Records from a collection
=== Section Start ===
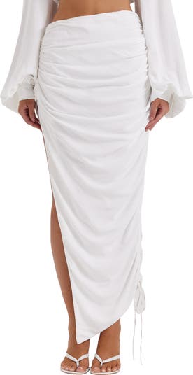Drawstring-cinched side ruching adds gorgeous texture to this lightweight, linen-kissed skirt cut to a long length with a leggy slit.
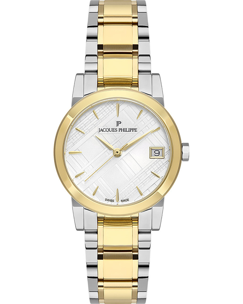 Предлагаем купить наручные часы Jacques Philippe JPQLS311326 в г. Москва. Это женские часы из коллекции Cosmos. Водозащита до 50 метров позволит принимать душ или умываться, не снимая часов. Надежное сапфировое стекло противостоит появлению царапин. Сапфировое стекло используется в дорогостоящих изделиях, это лучшее стекло для наручных часов, которое не царапается при механическом воздействии, его можно повредить только алмазом. Корпус часов изготовлен из стали, механизм — кварц. Кварцевые часы всегда точнее механических. В среднем, погрешность хода составляет 20 секунд в месяц. Кварцевые часы не нужно заводить, только менять батарейку раз в несколько лет.
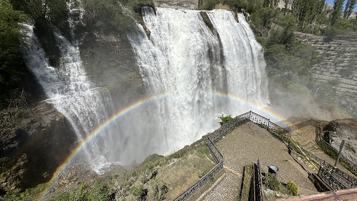 Dünyanın en yüksek 3'üncü şelalesi, havaların ısınmaya başladığı bugünlerde doğal güzelliği ve coşkun akan suyuyla misafirlerini bekliyor.
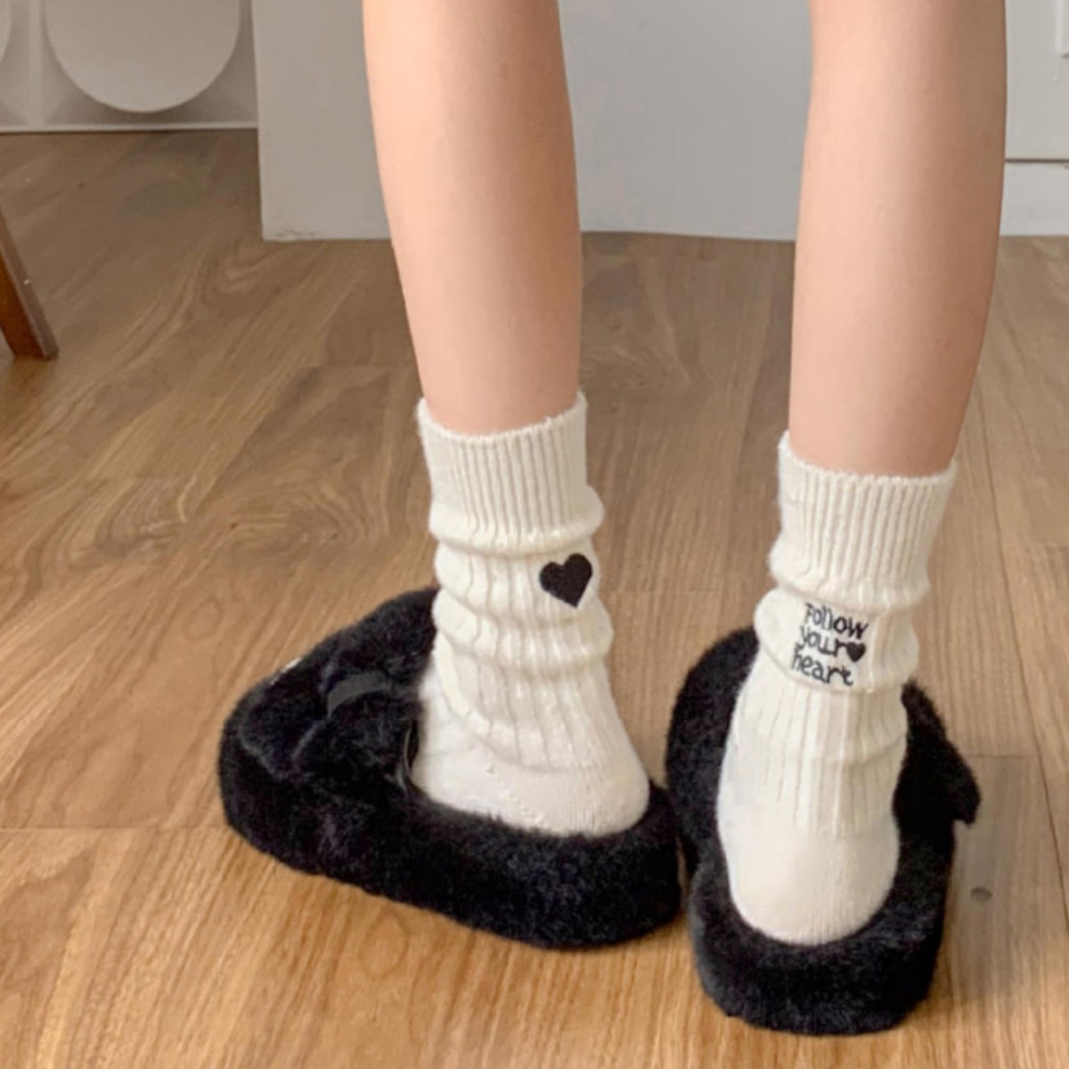 秋冬の鹿の毛の積み重ねの靴下の純色のかかとAB刺繍のinsの潮の中で筒の靴下のカシミヤの靴下は厚い保温の靴下を作ります。
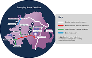 The map shown sets out the emerging route corridor for both the high pressure (transmission) pipelines (HP) and the intermediate pressure (distribution) pipelines (IP) which will bring gas to homes and businesses within the individual towns.
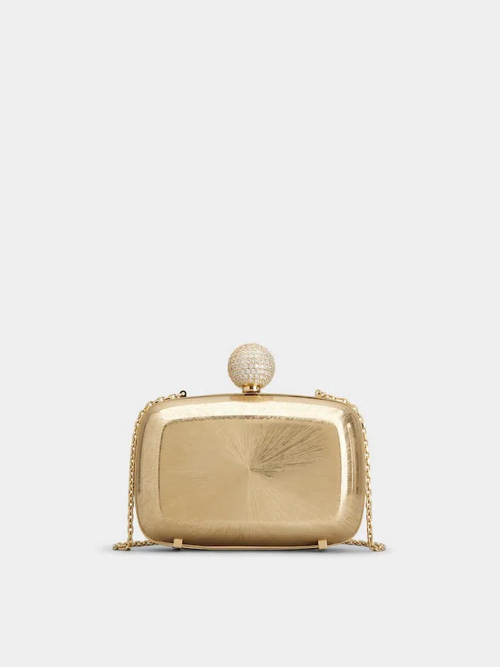 Roger Vivier Boite de Nuit金属手拿包,呈现高光金属质感,简约却不失奢华。引人注目的是球形包口搭扣,镶嵌细致水钻,宛如珠宝般璀璨。配有纤细的链条肩带,既可手拿亦可肩背,适合晚宴、派对等正式场合,为夜间造型增添温柔气质。
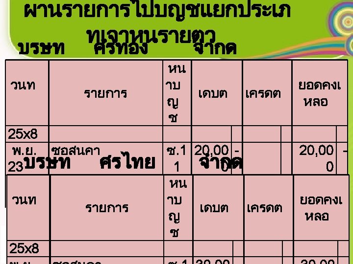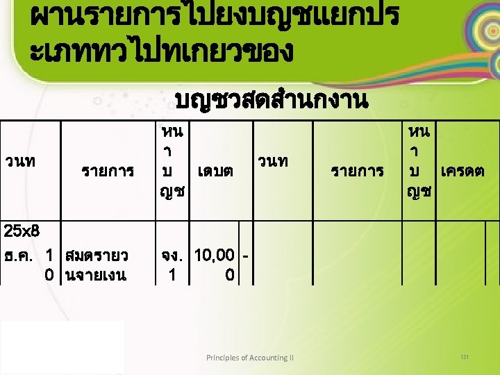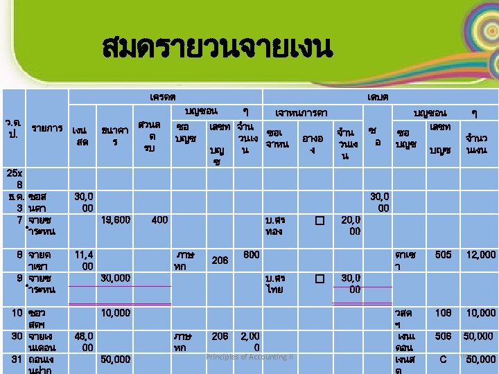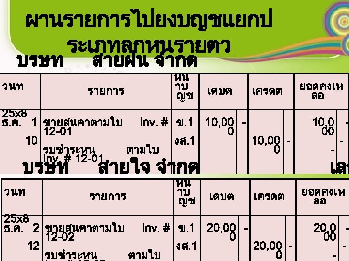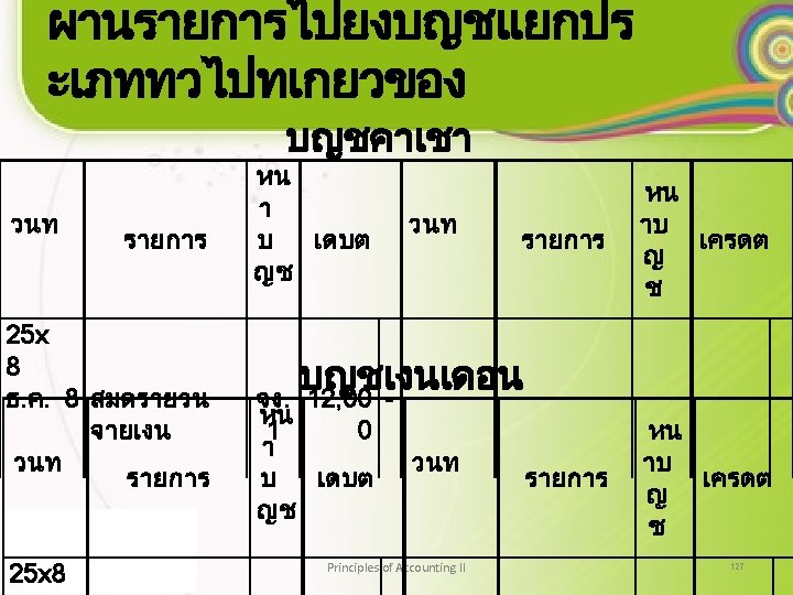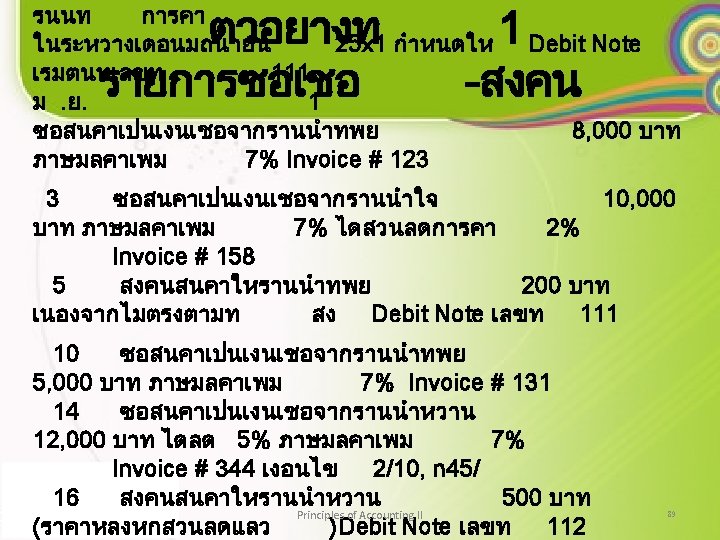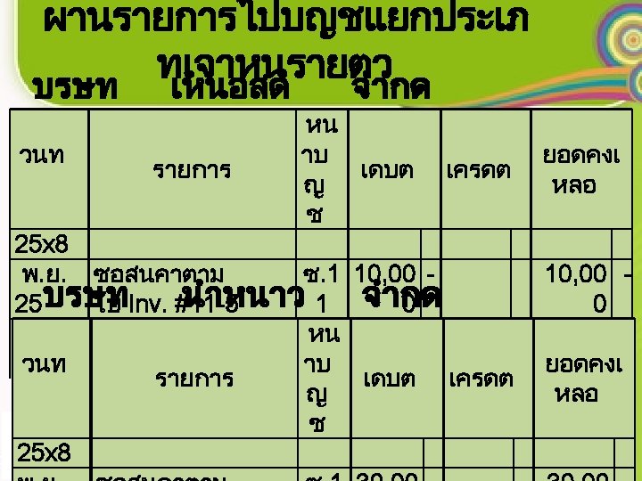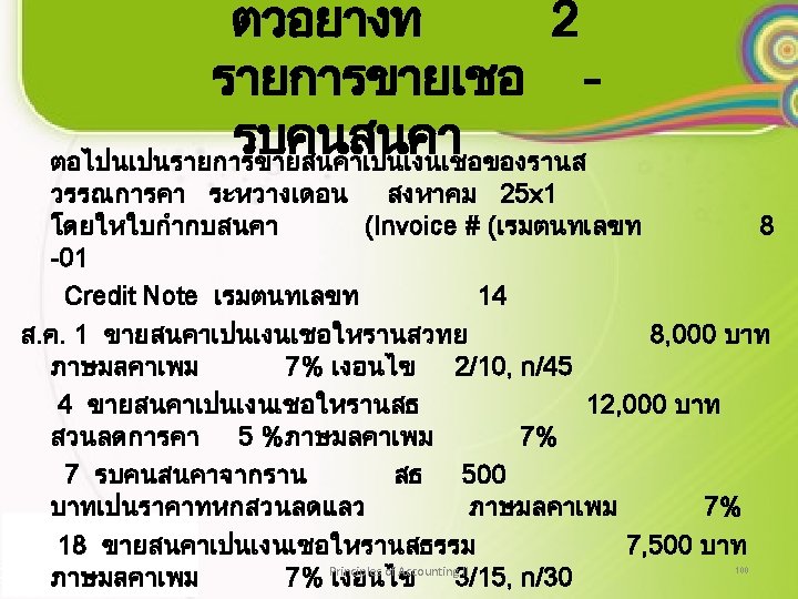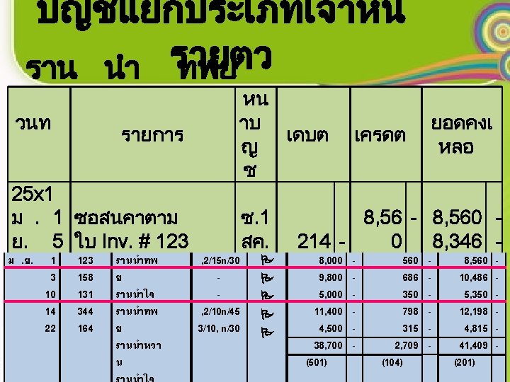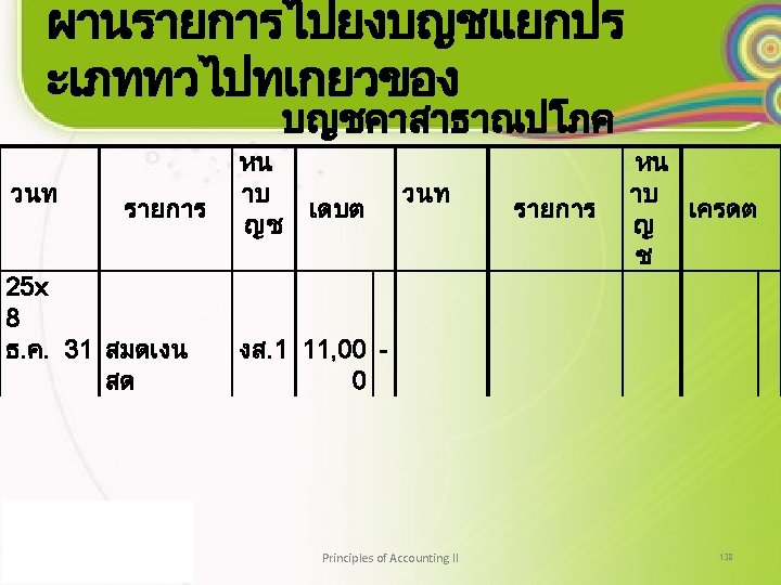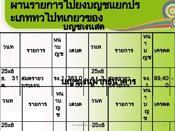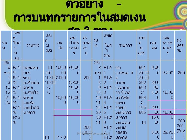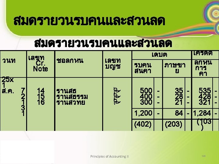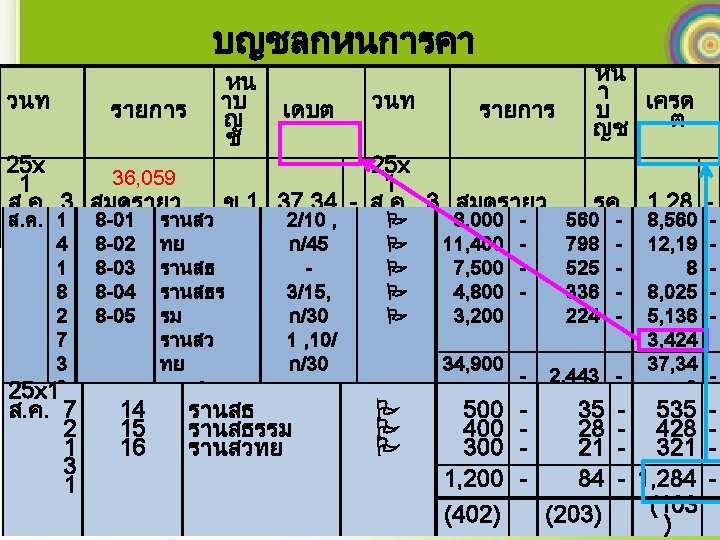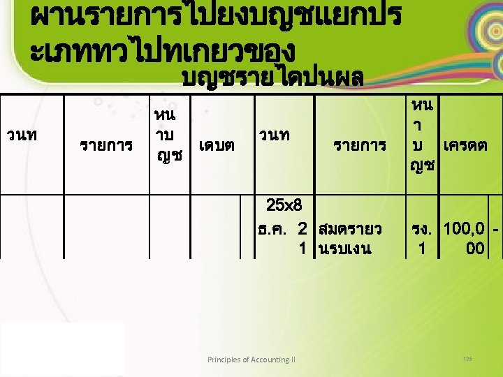 ผานรายการไปบญชแยกปร ะเภททวไป ลกหนการคา Date Description 25 x 1 ส. ค. 31 สมดรายวนข าย ส. ค. 1 4 1 8 2 7 3 0 8 -01 8 -02 8 -03 8 -04 8 -05 รานสว ทย รานสธร รม รานสว ทย รานสธ Page No. Dr. Date Description amount ข. 1 37, 343 - 2/10 , 8, 000 n/45 11, 400 7, 500 3/15, 4, 800 n/30 3, 200 1 , 10/ n/30 34, 900 Principles of Accounting II - Page No. 560 798 525 336 224 - 2, 443 - Cr. amount 8, 560 12, 19 8 8, 025 5, 136 3, 424 37, 34 29 3 -
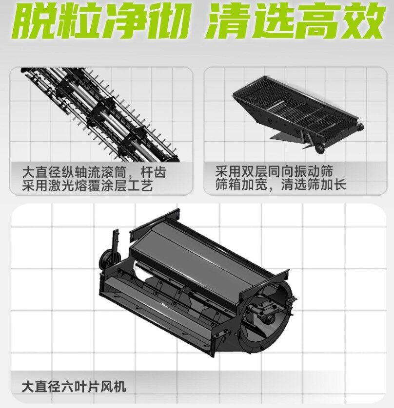 1、滚筒凹板6档可调,加强栅条凹板,可靠耐用。选装玉米圆钢凹板,收获玉米破碎低;选装冲孔凹板,收获小麦秸秆长;2、可搭载2.96米/3.25米小麦刚台、5行560行距玉米籽粒割台、7行410多功能割台,适应性广,可以实现不同作物收割。
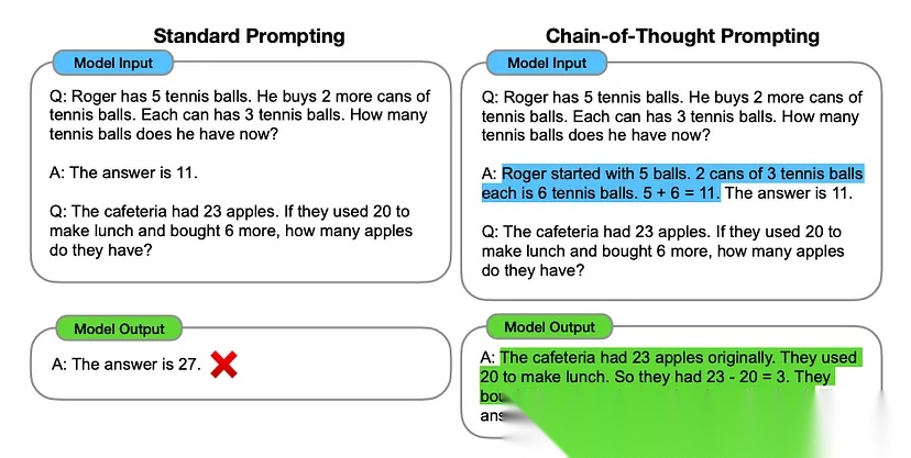 思维链(CoT)提示(Wei等人,2022)会生成一系列短句子,逐步描述推理逻辑,即推理链或推理依据,最终得出答案。在使用大型模型(例如参数超过500亿的模型)处理复杂推理任务时,CoT的优势更为明显。而简单任务使用CoT提示的受益则相对较小。
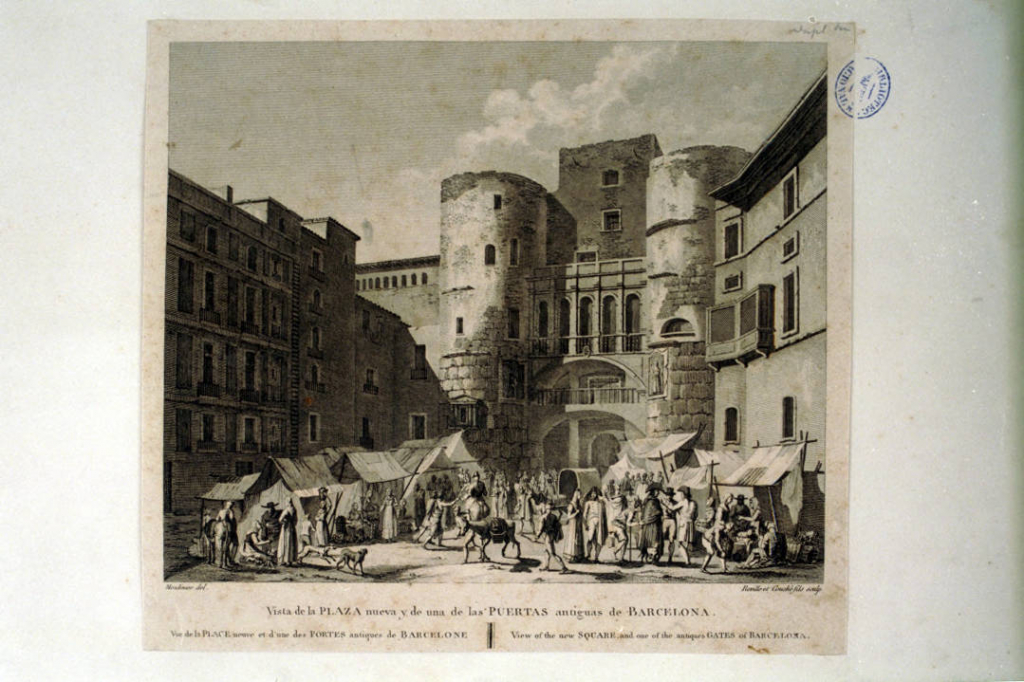 Vista de la Plaza nueva y de una de las puertas antiguas de Barcelona. Moulinier del. Reville et Couché fils sculp. Dins: Alexandre Laborde. Voyage pittoresque et historique de l'Espagne. París : de l'imprimerie de P. Didot l'ainé, 1806-1820.
=== Section End ===
[BRIEF]: Although the records contain pictures, only their text should be repeated, exactly as it appears.

[RESULT OF THIS TASK]:
Drawstring-cinched side ruching adds gorgeous texture to this lightweight, linen-kissed skirt cut to a long length with a leggy slit.
 Предлагаем купить наручные часы Jacques Philippe JPQLS311326 в г. Москва. Это женские часы из коллекции Cosmos. Водозащита до 50 метров позволит принимать душ или умываться, не снимая часов. Надежное сапфировое стекло противостоит появлению царапин. Сапфировое стекло используется в дорогостоящих изделиях, это лучшее стекло для наручных часов, которое не царапается при механическом воздействии, его можно повредить только алмазом. Корпус часов изготовлен из стали, механизм — кварц. Кварцевые часы всегда точнее механических. В среднем, погрешность хода составляет 20 секунд в месяц. Кварцевые часы не нужно заводить, только менять батарейку раз в несколько лет.
 Dünyanın en yüksek 3'üncü şelalesi, havaların ısınmaya başladığı bugünlerde doğal güzelliği ve coşkun akan suyuyla misafirlerini bekliyor.
 秋冬の鹿の毛の積み重ねの靴下の純色のかかとAB刺繍のinsの潮の中で筒の靴下のカシミヤの靴下は厚い保温の靴下を作ります。
 The map shown sets out the emerging route corridor for both the high pressure (transmission) pipelines (HP) and the intermediate pressure (distribution) pipelines (IP) which will bring gas to homes and businesses within the individual towns.
 Roger Vivier Boite de Nuit金属手拿包,呈现高光金属质感,简约却不失奢华。引人注目的是球形包口搭扣,镶嵌细致水钻,宛如珠宝般璀璨。配有纤细的链条肩带,既可手拿亦可肩背,适合晚宴、派对等正式场合,为夜间造型增添温柔气质。
 ผานรายการไปบญชแยกปร ะเภททวไป ลกหนการคา Date Description 25 x 1 ส. ค. 31 สมดรายวนข าย ส. ค. 1 4 1 8 2 7 3 0 8 -01 8 -02 8 -03 8 -04 8 -05 รานสว ทย รานสธร รม รานสว ทย รานสธ Page No. Dr. Date Description amount ข. 1 37, 343 - 2/10 , 8, 000 n/45 11, 400 7, 500 3/15, 4, 800 n/30 3, 200 1 , 10/ n/30 34, 900 Principles of Accounting II - Page No. 560 798 525 336 224 - 2, 443 - Cr. amount 8, 560 12, 19 8 8, 025 5, 136 3, 424 37, 34 29 3 -
 1、滚筒凹板6档可调,加强栅条凹板,可靠耐用。选装玉米圆钢凹板,收获玉米破碎低;选装冲孔凹板,收获小麦秸秆长;2、可搭载2.96米/3.25米小麦刚台、5行560行距玉米籽粒割台、7行410多功能割台,适应性广,可以实现不同作物收割。
 思维链(CoT)提示(Wei等人,2022)会生成一系列短句子,逐步描述推理逻辑,即推理链或推理依据,最终得出答案。在使用大型模型(例如参数超过500亿的模型)处理复杂推理任务时,CoT的优势更为明显。而简单任务使用CoT提示的受益则相对较小。
 Vista de la Plaza nueva y de una de las puertas antiguas de Barcelona. Moulinier del. Reville et Couché fils sculp. Dins: Alexandre Laborde. Voyage pittoresque et historique de l'Espagne. París : de l'imprimerie de P. Didot l'ainé, 1806-1820.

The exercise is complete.